Distortion product otoacoustic emissions (DPOAE) are responses generated when the cochlea is stimulated simultaneously by two pure tone frequencies whose ratio is between 1.1 to 1.3.

Recent studies on the generation mechanism of DPOAEs have underlined the presence of two important components in the DPOAE response, one generated by an intermodulation "distortion" and one generated by a "reflection".

The prevalence of DPOAEs is 100% in normal adult ears. Responses from the left and right ears are often correlated (that is, they are very similar). For normal subjects women have higher amplitude DPOAEs. Aging processes have an effect on DPOAE responses by lowering the DPOAE amplitude and narrowing the DPOAE response spectrum ( i.e. responses at higher frequencies are gradually diminishing).The DPOAEs can be also recorded from other animal species used in clinical research such as lizards, mice, rats, guinea pigs, chinchilla, chicken, dogs,and monkeys.
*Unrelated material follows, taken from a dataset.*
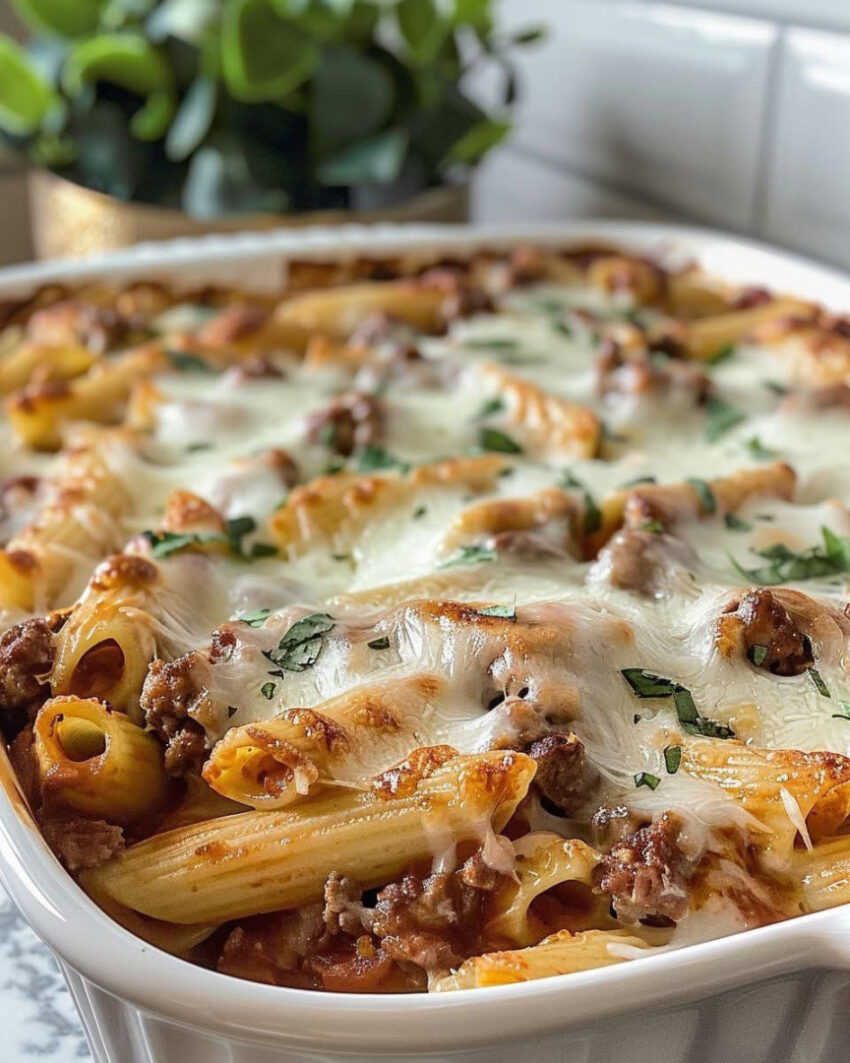 Mostaccioli is warm, cheesy, and perfect for family dinners or leftovers 😋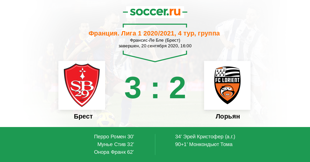30' (1:0) Перро Ромен (18) (Фоссурье Жюльен (22))

  • The pure tones which stimulate the cochlea are called primaries and they are assigned as F1 and F2 and their corresponding amplitudes are assigned as L1 and L2.The lower tone is usually the F1 and the higher tone the F2.

  • In order to generate the intermodulation DPOAE component, the primaries should have frequencies which are close to one another. The ratio of the F2 / F1 frequencies is called frequency ratio FR. The choice of the FR has an effect on the amplitude of the DPOAEs at different tested frequencies.

  • Due to intermodulation the cochlea generates an long series of components which are not present in the input stimuli. These components are called distortion products. The most prominent and mostly used in clinical practice is the cubic difference distortion product denoted as 2F1 - F2.

  • The DPOAE protocols employed in clinical practice are divided in two categories. Protocols using primaries with equal intensities are called symmetric (L1 = L2), for example 70-70 dB SPL. Protocols using unequal primary intensities (L1 > L2) are called asymmetrical, for example 65-55 dB SPL. The latter can identify better cases with hearing impairment and they are used in most screening programs.

    When asymmetrical DPOAE protocols are used, the intermodulation components are generated close to the F2 primary tone. Therefore the DPOAE information is referenced to F2. When symmetrical protocols are used the DPOAE information is referenced to the geometric mean, which is defined a the square root of F1 * F2.

  • There are two ways to present the DPOAE information: In the DP-gram modality we measure the 2F1 - F2 amplitudes at various F2 frequencies, having fixed the stimulus intensities, for example F1=65 dB and F2=55 dB SPL. In the Input -Output (IO) modality, we measure the 2F1 - F2 at a fixed F2 frequency, varying the primary stimulus levels.

    DP-gram response from a Sprague-Dawley rat under ketamine anesthesia.

DPOAE generation mechanisms:

       For the moment, we will consider the cochlea simply as a black box and the ear-canal signal as representing the output of this system. Into this black box, two pure tones are applied which, traditionally, are referred to as the f1 and f2 primaries (f1<f2). If the cochlea acts in a linear manner, then we would expect that the output frequencies would be the same as the input frequencies. In other words, the function relating the input to the output signal is a straight line representing a linear function. However, if the function relating the input of the two sinusoids to the output is not a straight line, that is, the input/output (I/O) function is nonlinear, then new frequencies will be generated at the output. I/O functions that are typically used to represent the basilar membrane (BM) response are described in Fig 3 in Fahey et al (2000). One of these I/O plots (Fig 3b) is highly similar in shape to the hair cell receptor voltage versus stereocillia displacement function measured earlier by Hudspeth and Corey (1977) and Russell et al (1986). These types of nonlinear I/O functions obtained from various cochlear structures are relevant to the discussion of physical mechanism(s) within the cochlea that are capable of generating DPOAEs. If such functions exhibit both even- and odd-order symmetry, then all the DPOAEs that can be found in the ear-canal signal will be observed. Thus, combinations of the primaries that result in even-order DPOAEs, such as the simple difference tone, f2-f1, and many odd-order DPOAEs, the largest and most commonly studied one being the 2f1-f2 frequency, will be measured. Other DPOAEs often seen are the lower odd-order sideband 3f1-2f2 and the upper odd-order sideband DPOAE at the 2f2-f1 frequency.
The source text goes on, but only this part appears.